A rationale for the influence of grain size on failure of magnesium alloy AZ31: An in situ X-ray microtomography study

Abstract

The present study employs in situ X-ray microtomography to characterize the impact of grain size on void nucleation, growth and linkage during tensile loading of magnesium alloy AZ31. It was found that the tensile strain to failure increased almost threefold when the grain size was reduced from 60 to 3 μm. Grain refinement led to reduced twin formation and reduced void growth rates but did not impact markedly on the relationship between strain and the detected void number density. Because the finer grained samples experienced higher strains to failure, greater void number densities were thus detected at failure in these samples. The void volume fraction at failure remained constant despite changing grain size, within error. Final failure occurs via a shear localization and there appears to be a role of void formation in triggering the final shear instability.
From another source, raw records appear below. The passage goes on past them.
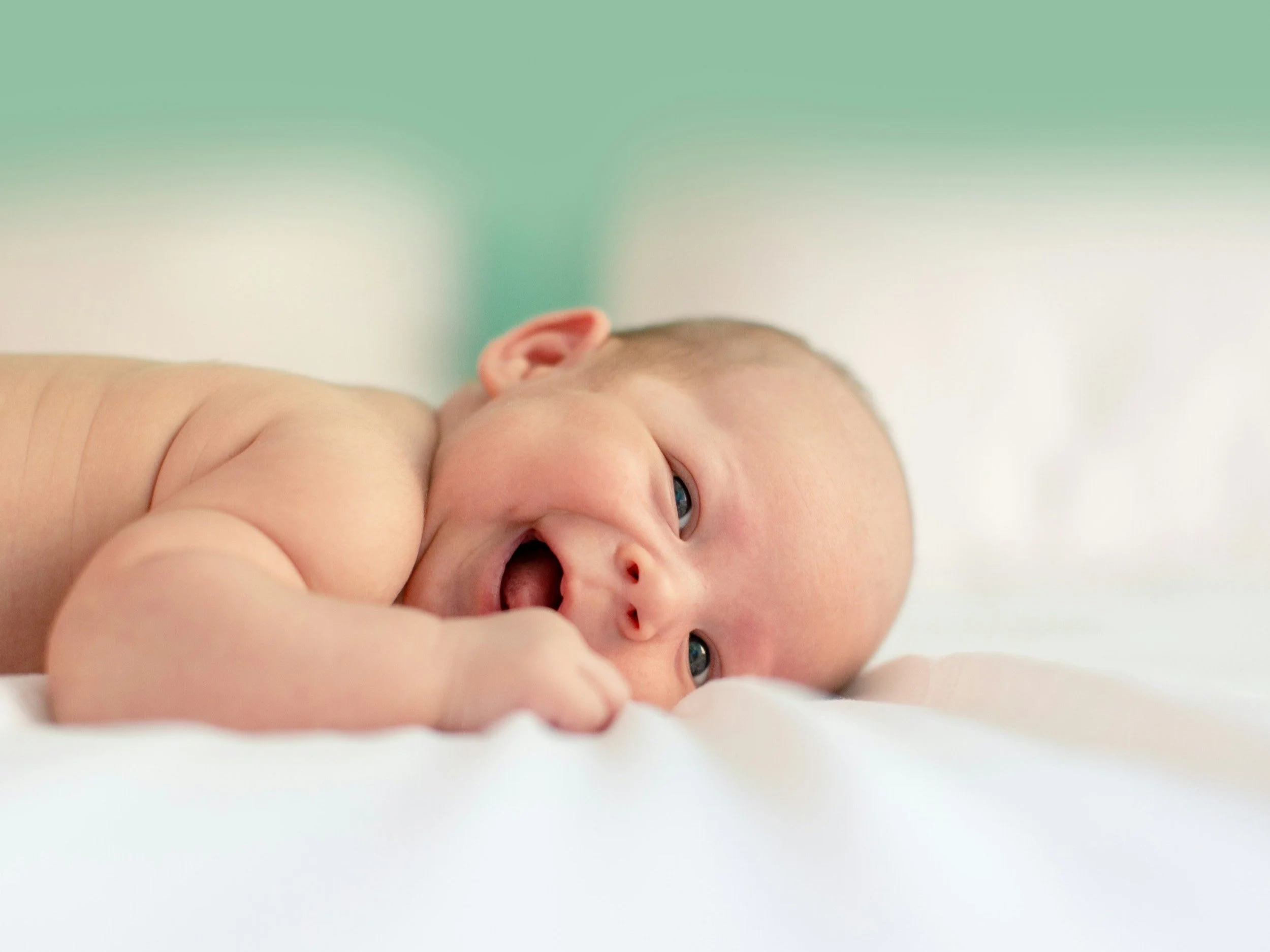 At birth your baby sees best at 20–30 cm — the perfect distance for gazing at a parent’s face. Contrast, bold patterns, and gentle side-to-side movement capture their attention. By six weeks many infants briefly fix and follow a face; by three months they track smoothly and smile in response.
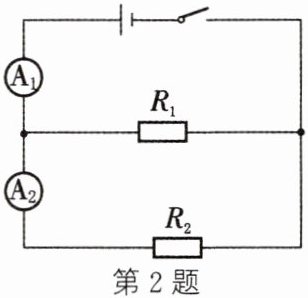 2. 在如图所示的电路中,电源电压恒定,电阻$R_1= R_2。$当闭合开关时,若发现两个电流表示数相等,且均在正常值范围内,则出现的故障是(
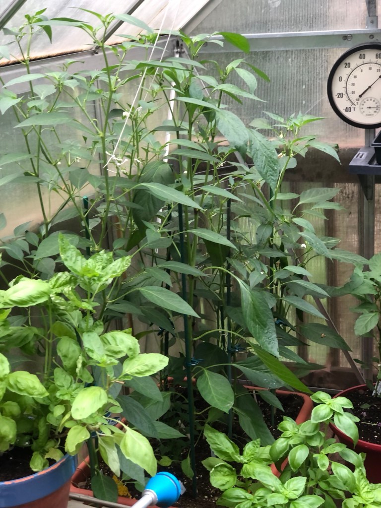 inside the greenhouse looks pretty good as well. The peppers are finally growing and the basil I grew from seed is amazing.
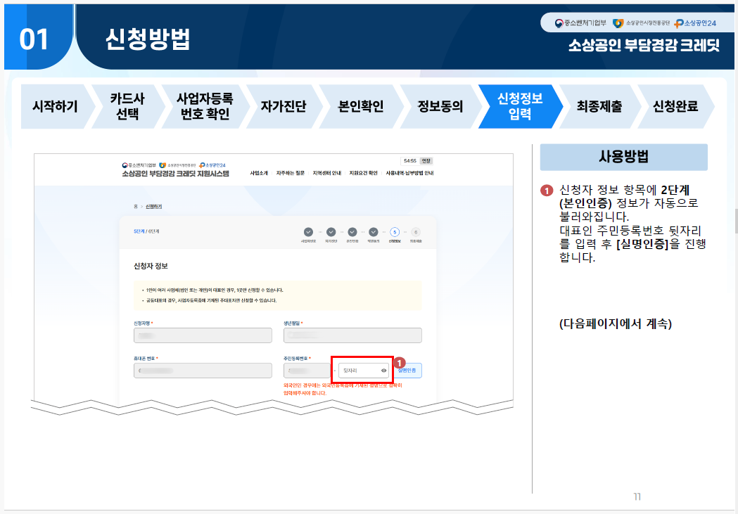 - 1단계: 소상공인24 홈페이지(credit.sbiz24.kr)에 접속합니다.

We thus favour ascribing failure to a void-sheeting type mechanism. Failure is seen to follow rapidly after a critical void volume fraction is attained and this is broadly consistent with predictions made via the application of a simple McClintock model. The higher strains to failure in the present fine-grained samples are thus ascribed chiefly to the lower rates of void growth. The suppression of void growth by grain refinement seen here may explain why finer grain magnesium alloys often display higher tensile ductility.